▶ [WHAT YOU SHOULD DO]
After locating the line with "光伏农业在现今越来越受到国家" below, output it and each following line exactly, stopping after the line with "石仏庵は、熊野参詣道伊勢路を". No pictures.
--- SUPPLIED RECORDS Enclosed Below ---
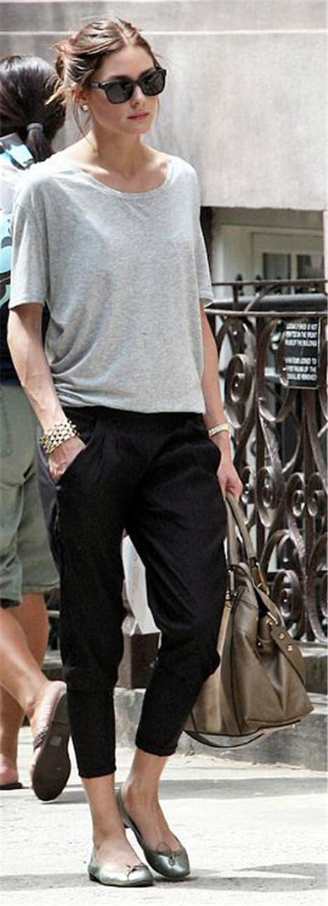 黑色褲子搭配什麼上衣LOOK6:灰色上衣
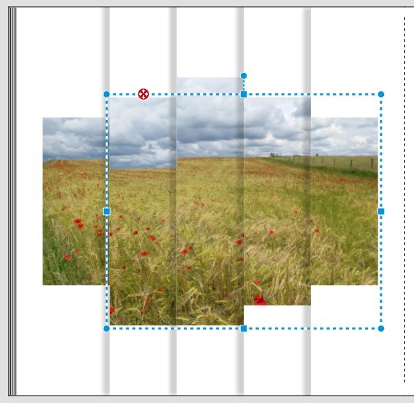 Ich habe jetzt beim Nachstellen mithilfe des Magneten gearbeitet, im Original damals mit dem Raster. Außer mit den Seitenanfassern von oben nach unten und dann von unten nach oben schieben musste ich nichts machen. Die 5 Fotos hatte ich zuvor deckungsgleich übereinandergelegt. Liebe Grüße
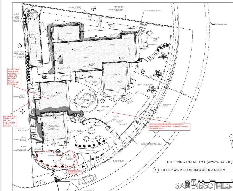 Modern Rendering with intentional flow and flexibility, offering approximately 5,974 sq.ft. of total living space (excluding the garage and roof deck). The main residence spans 2,483 sq.ft. and features a seamless connection to outdoor areas, including a terraced patio and optional roof deck. The detached 833 sq.ft. garage is complemented by a 1,067 sq.ft. rooftop deck. A two-level ADU adjacent to the garage provides 992 sq.ft., including one bedroom and a small office space—ideal for guests, work-from-home, or rental potential. A lower-level 456 sq.ft. basement offers bonus flex space and integrates with a plunge pool set into grade without stacked retaining walls. The first floor includes an optional bedroom and bathroom, while the second floor is designed for three bedrooms and three bathrooms across 2,043 sq.ft. The design incorporates permeable pavers, strategic slope grading, and a proposed bioswale for optimal drainage and environmental sensitivity. This home blends function, privacy, and high-end design in one of Encinitas’ most sought-after coastal neighborhoods. A quick jot down to world famous south Ponto beach, grand view surf, Leucadia beach and Encinitas county park. If you like to golf Omni Resort or Encinitas Ranch Golf! Walking distance to Olympus park for family fun a zipline for the kids, slides, skate ramp and a dog park.
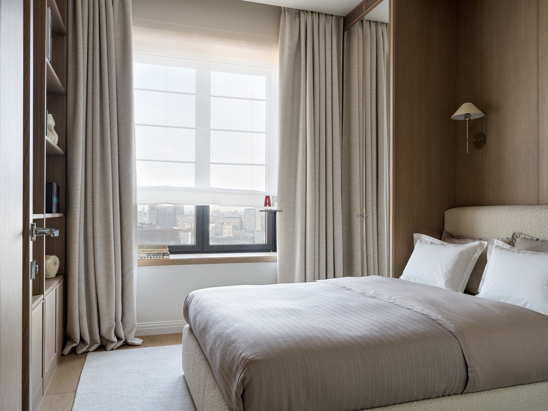 В женской спальне преобладают светлые оттенки и фактуры дерева.
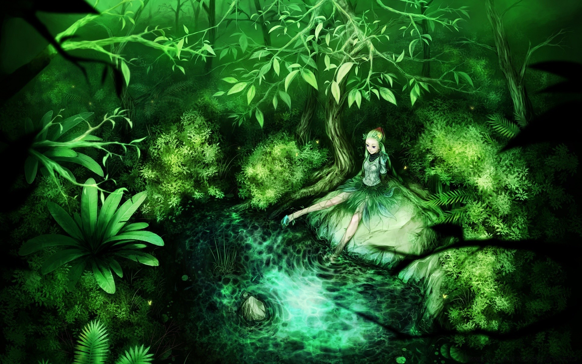 Anime kızları ormanda yürüyorlar. Cadı, periler. Ağaçların arasında güneş ışınları
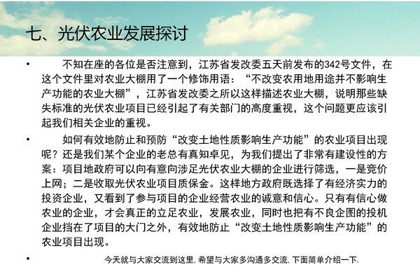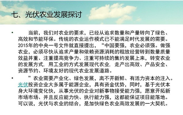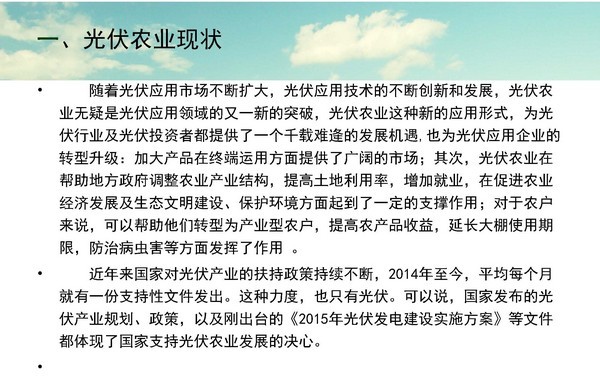光伏农业在现今越来越受到国家和业内人士的关注。将光伏和农业应用结合在一起,开拓了新的光伏应用市场的同时又使得农业技术、扶贫政策得到了扩充。那么光伏农业落到实处都有那些开技巧?又有些什么政策建议呢?让我们看专家怎么说...
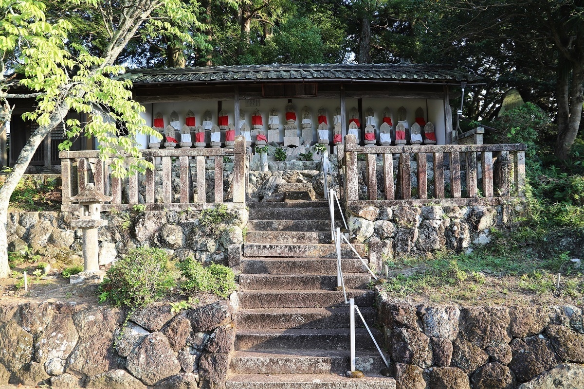 石仏庵は、熊野参詣道伊勢路を構成する資産のひとつで、19世紀初頭に隠居寺として建立され、参詣道の南側には、西国三十三所霊場の本尊を模した観音石仏三十三体を祀る観音堂が配されました。現在でも観音堂、金毘羅堂が残り、地域の方々によって守られています。
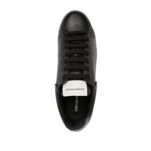 Tumbled leather sneakers from EMPORIO ARMANI featuring pebbled texture, logo patch at the tongue, branded heel counter, EVA midsole, chunky rubber sole, black, calf leather, round toe, front lace-up fastening and branded insole. Leather sneakers Size and Fit - Heel 1,6 in / 4 cm; Platform 1 in / 2,5 cm
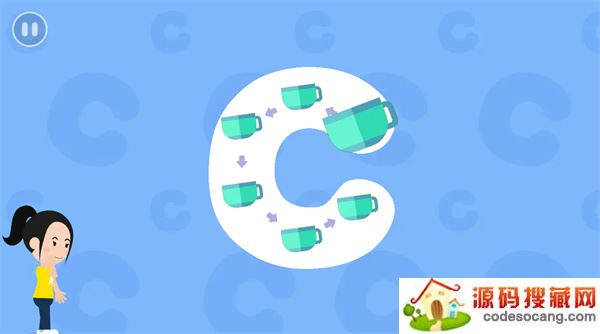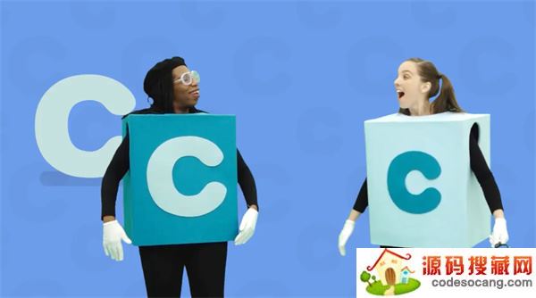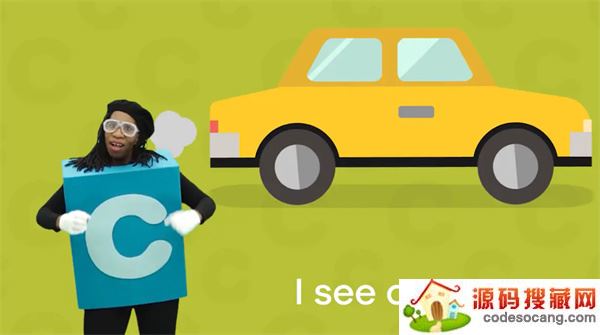 如上图所示,大小写字母分别有两个人扮演,他们之间会有对话,两个人用夸张的方式引导小朋友关注大写C和小写c的不同,而且会教小朋友跟读C字母的发音,接着用单词举例。
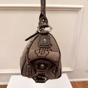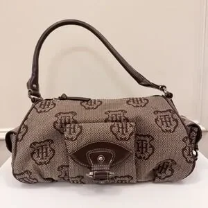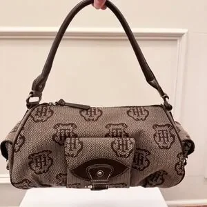 Vtg Y2K Tommy Hilfiger Logo Brown Purse Shoulder Bag Fall Herringbone EUC
--- End of Enclosed SUPPLIED RECORDS ---
▶ [REPLY TO THE EXERCISE]
光伏农业在现今越来越受到国家和业内人士的关注。将光伏和农业应用结合在一起,开拓了新的光伏应用市场的同时又使得农业技术、扶贫政策得到了扩充。那么光伏农业落到实处都有那些开技巧?又有些什么政策建议呢?让我们看专家怎么说...
 石仏庵は、熊野参詣道伊勢路を構成する資産のひとつで、19世紀初頭に隠居寺として建立され、参詣道の南側には、西国三十三所霊場の本尊を模した観音石仏三十三体を祀る観音堂が配されました。現在でも観音堂、金毘羅堂が残り、地域の方々によって守られています。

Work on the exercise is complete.